Giving Gifts

Buying souvenirs

Gift giving is a common part of Japanese culture. Different types of gifts are given on different occasions as outlined below. Much attention is given to the wrapping of presents. If not nicely packed, the present should at least be handed over in a bag, preferably a bag by the shop the present was purchased at. Gifts in sets of four are usually avoided because it is considered an unlucky number (the Japanese word for four is pronounced the same as the word for "death"). When handing over a present, both the gift giver and recipient use both hands.

Omiyage and Temiyage

Omiyage are souvenirs brought home from a trip while temiyage are thank-you gifts you bring when you visit someone.
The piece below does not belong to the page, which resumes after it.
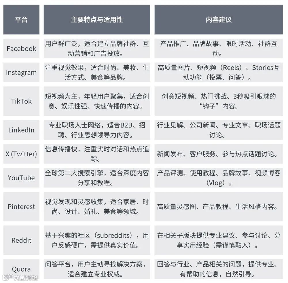 - B2C品牌:优先选择视觉化、年轻化平台,如Facebook、Instagram、TikTok。

Japanese tourists tend to buy lots of souvenirs for their friends, relatives and co-workers. Consequently, tourist spots and airports feature many souvenir shops specializing in local foods and products.

When foreign visitors meet friends or a host family in Japan, it is not imperative for them to bring gifts, but it is a nice gesture that is appreciated. Recommended gifts items include food, drinks or other products from your home country. In general, they should be neither to cheap nor too expensive - typically between 1000 and 5000 yen. Note that there are restrictions on bringing certain types of food and plant products into Japan.

Ochugen and Oseibo

Twice a year, in June and December, it is common for co-workers, friends and relatives to exchange gifts. The gifts are called Ochugen and Oseibo respectively. On average, they are worth about 5000 yen and may be food, alcohol, household items or something similar. The gift giving seasons coincide with company employees receiving a special bonus in addition to their monthly salaries.

Birthday and Christmas

Gift giving on birthdays and Christmas is not originally a Japanese tradition. Due to the strong influence from the West, however, some families and friends exchange gifts also on these occasions.